Gel Permeation Chromatography (GPC) is a technique that uses highly porous, non-ionic gel beads to separate polydisperse polymers in solution. According to the developed theories and models of GPC fractionation, the determining factor of separation is not the molecular weight, but the hydrodynamic volume of the molecule.
Gel permeation chromatography is based on the ability of macromolecules of different lengths, and hence different molecular weights, to penetrate into a porous component to different depths. The column is packed with porous glass or a highly cross-linked swollen polymer gel, the polymer is added to the top of the column, and then the column is washed with a solvent. Smaller molecules penetrate much deeper into the pores and are retained in the column during the elution process much longer than larger macromolecules.
Gel permeation chromatography makes it possible not only to fractionate mixtures of oligomers, but also to determine their average molecular weights and molecular weight distributions.
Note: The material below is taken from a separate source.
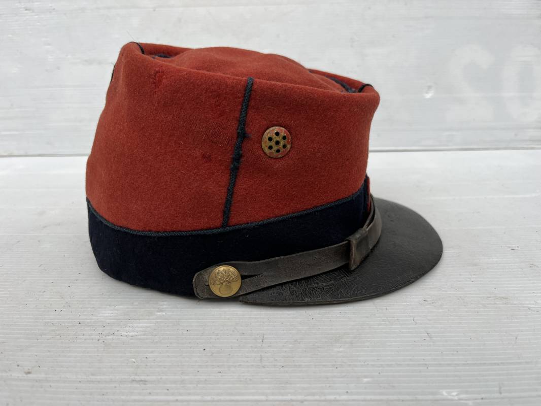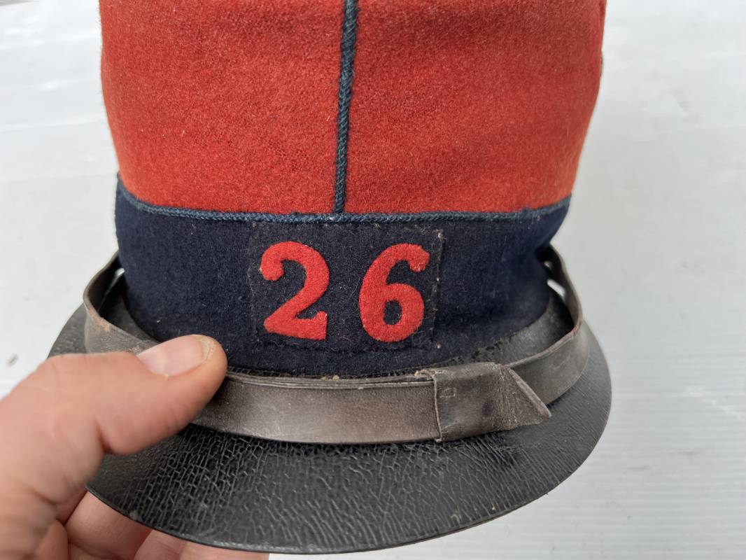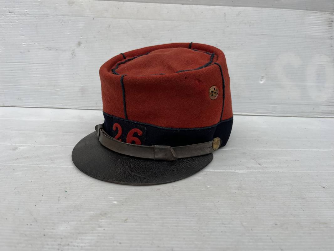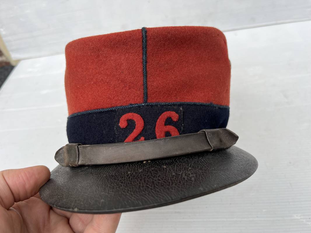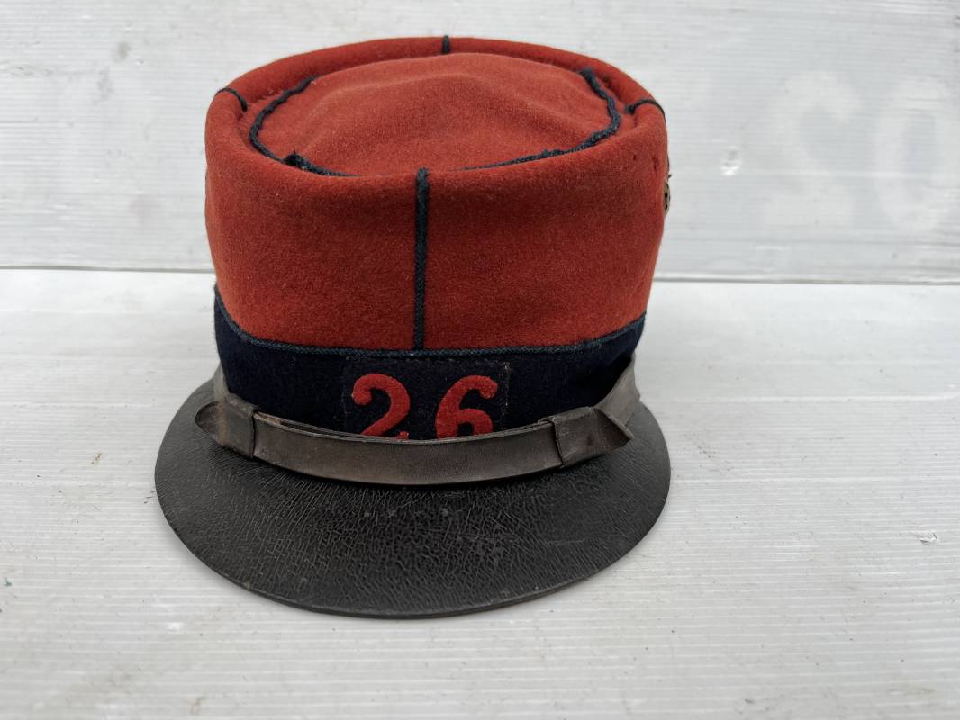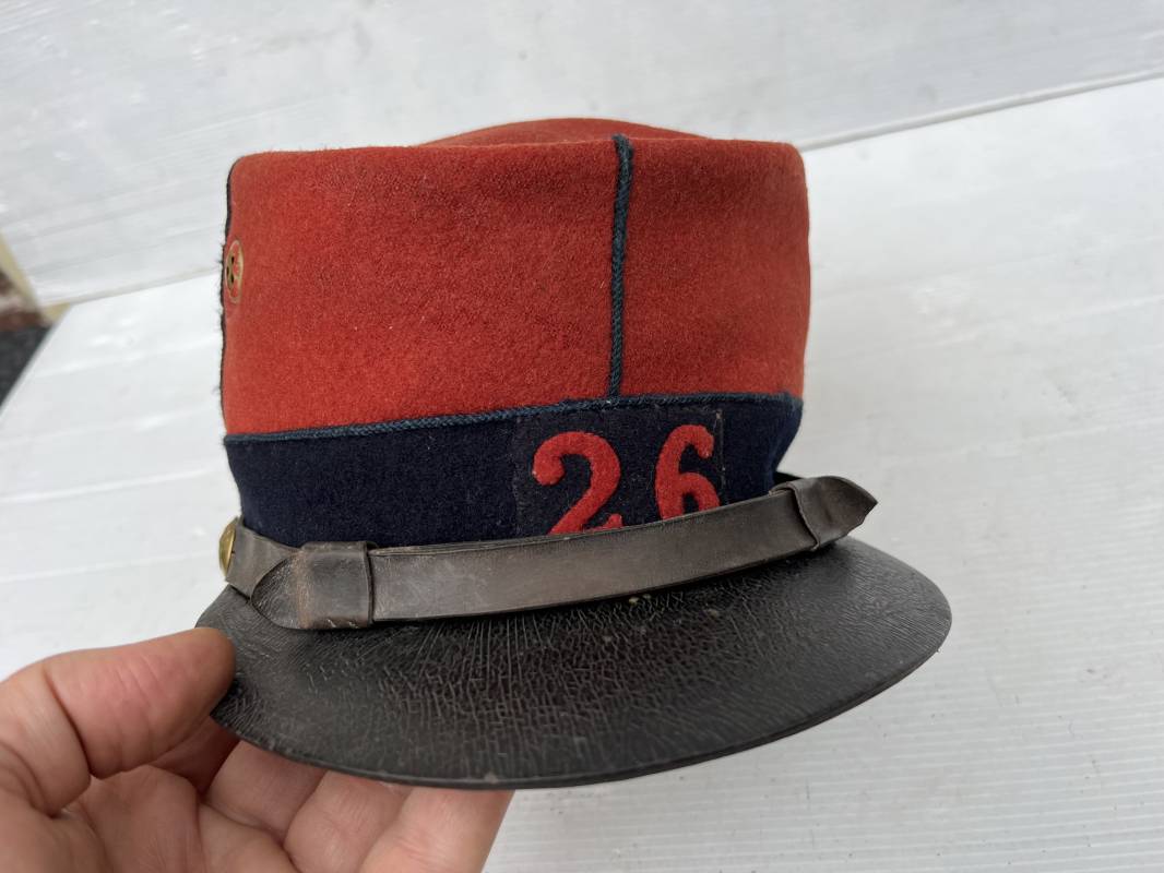 Très beau képi troupe modèle 1884 d'un soldat du 26 ème Régiment d'Infanterie de Ligne ( Nancy ) . Képi de dotation en drap garance et gris de fer bleuté. Oeillets de ventilation. Visière en cuir noir. Jugulaire troupe en cuir noir à coulisse. Deux boutons dorés à grenade de l'Infanterie. Chiffres découpés du 26 ème RI cousus sur le devant. Bandeau de coiffe intérieure en cuir noir. Taille 54. Fond du képi doublé coton et cuir. Carcasse en lin . Drap frais, képi porté en bel état . Belle forme. Belle patine générale 1900/1914. Ref 22066

In this case, the numerical values ​​of the constants of the Mark-Kuhn equation differ little from the coefficients for a Gaussian coil in a theta solvent.
Gel permeation chromatography of nucleic acid components was performed on cross-linked dextran gels (sephadex) (Sephadex, Pharmacia, Uppsala, Sweden) and polyacrylamide gels (biogels) (Bio-Gel, Bio-Rad Labs Richmond, Calif. In addition, gels have ion-exchange and adsorption properties, showing an increased affinity for aromatic and heterocyclic compounds.
Gel permeation chromatography also shows adsorption of purine bases on the gel matrix.
RTF of oligobutadienes and copolymers of butadiene with acrylic acid and acrylonitrile according to data 3. The use of gel permeation chromatography (GPC) in the classical version for evaluating the RTF of oligomers is still limited. The separation of molecules of close molecular weights but different functionality by GPC is based on the change in the root-mean-square distance between the ends of macromolecules g/2 in solution, depending on the nature and molecular weight of the end groups. The cyclization and branching of molecules, which lead to its decrease by a factor of 15 - 2, in comparison with linear molecules of the same molecular weight, is especially strongly affected by the value of r g) /.
The mechanism of gel permeation chromatography is essentially the same for high and low crosslink density, although significant differences can be observed in practice. The gel particles in the column are suspended in a solvent. The channels between the gel particles are much larger than the pore sizes inside the gel granules, so the solvent only flows in the space between the gel granules. Molecules of the dissolved substance, depending on their size, penetrate into the pores of the gel to different depths and move almost without restrictions in the solvent contained in the gel granules.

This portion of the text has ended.